What the heck is a vampire, anyway?
All this talk about vampires, but what the heck is a vampire anyway? The definition has changed so much over time, that what once was considered a vampire is now called something else. The original European vampires were more like what we would call zombies today. Vampires have been based on demons and ghoulish spirits and reanimated corpses.
If we define a vampire merely as a creature that drinks blood, that would eliminate a lot of the creatures considered to be the ancestors to the modern types. Most of our concepts of vampires are evolved versions of the European legends. The word “vampire” wasn’t used until later, but the creatures they originated from were mostly revenants; reanimated corpses. These “vampires” were blamed, not for drinking blood necessarily, but for everything from plagues to miscarriages.

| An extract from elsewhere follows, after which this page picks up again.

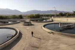 Arik Ashkenazi, chief engineer at the Ein Netafim wastewater treatment plant, walks between water clarifier basins at the facility in Israel’s southern Red Sea port city of Eilat on July 13, 2023. Hemmed in between the Red Sea and a desert, isolated from the rest of Israel and with no natural freshwater, Eilat’s drinking water is a combination of desalinated groundwater and sea water. After its domestic use turns it into sewage, it is treated and then allocated to farmers, enabling the arid region to support an agricultural industry. While Eilat used to be the exception in Israel’s water management, it is now more of a prototype for the country and perhaps to the world. (Photo by MENAHEM KAHANA / AFP) (Photo by MENAHEM KAHANA/AFP via Getty Images)
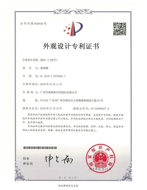 معيار:Design patent (HG001) عدد:ZL 201720440167.9 تاريخ القضية:2017-04-25 نطاق / متوسط:one structure of lock صدر عن:SIPO |

The vampire corpse would rise from the grave and murder those closest to it; its family and friends. Vampires were not necessarily creating other vampires, just killing people. Those who became vampires were ones who had been improperly buried or who committed suicide. The nachtzeherer of German lore would gnaw on its own hands and limbs in a frenzy of hunger, and crawl out of the grave to feed on livestock and humans. The vampir of Bulgaria could walk about during the day, and the lampir of Bulgarian folklore would spread disease.
There are other creatures considered to be vampires who were not reanimated corpses. A Slovakian lore of the upir tells of a creature with two hearts and two souls who could kill its victims with a glance, and who would suffocate victims. The shtriga of Albanian folklore were witches, living witches who fed on infants at night. A lot of folklore tells of ghoulish spirits with vampire traits of feeding on the living or drinking blood. The chupacabra of South America is a monstrous creature who tears apart its victims, and is often classed as a vampire.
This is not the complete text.